~75 minutes. Encode "café" in UTF-8 by hand; verify with Python; decode a mystery hex dump character by character.
Goal: understand the UTF-8 encoding algorithm at the byte level by working through it manually, then confirm your result with Python.
Estimated time: 75 minutes
Prerequisites: Week 2 lecture (UTF-8 encoding algorithm, Unicode code points)
Setup
mkdir -p ~/fnd-101/lab-2-1
cd ~/fnd-101/lab-2-1
Have a Python 3 interpreter available: python3
Part A: Encoding "café" by hand
Work through the UTF-8 encoding of each character in "café" by hand.

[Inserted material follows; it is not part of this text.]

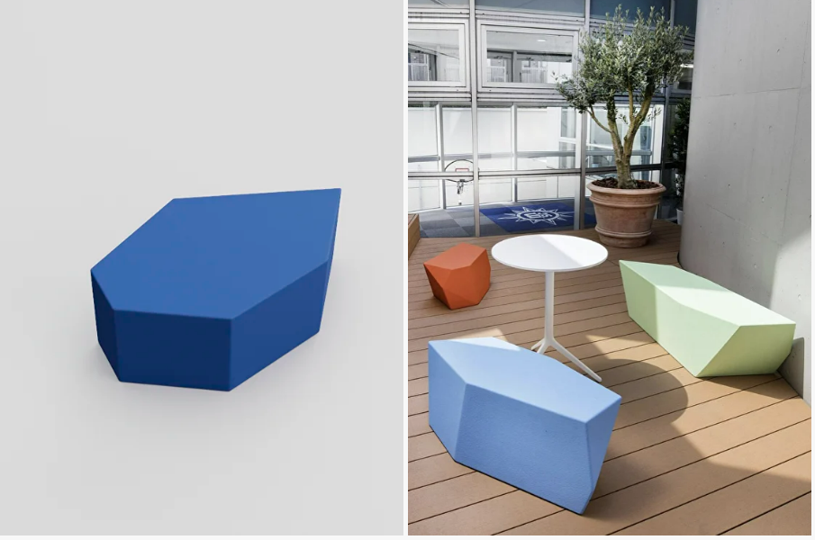 Rock Elements are polygon-inspired benches featuring sharp, clean edges and soft foam for a sleek yet inviting design. Lightweight and versatile, they can be easily repositioned to adapt to any space. Built to withstand the elements, these UV-stable and weather-resistant pieces are ideal for both indoor and outdoor use. Available insix unique designs, Rock Elements bring a modern, organic aesthetic to a variety of settings.

Step 1: Find the Unicode code point for each character.
| Character | Unicode code point | Decimal |
|---|---|---|
| c | U+0063 | 99 |
| a | U+0061 | 97 |
| f | U+0066 | 102 |
| é | U+00E9 | 233 |
Step 2: Determine the byte length for each character.
UTF-8 byte lengths:
- Code points 0x00-0x7F (0-127): 1 byte (ASCII range, use the code point directly)
- Code points 0x80-0x7FF (128-2047): 2 bytes (prefix 110xxxxx 10xxxxxx)
- Code points 0x800-0xFFFF (2048-65535): 3 bytes
- Code points above 0xFFFF: 4 bytes
Which byte length does each character in "café" use? Write your answer.
Step 3: Encode each character.
For c, a, f (1-byte characters): the byte is just the ASCII value in hex.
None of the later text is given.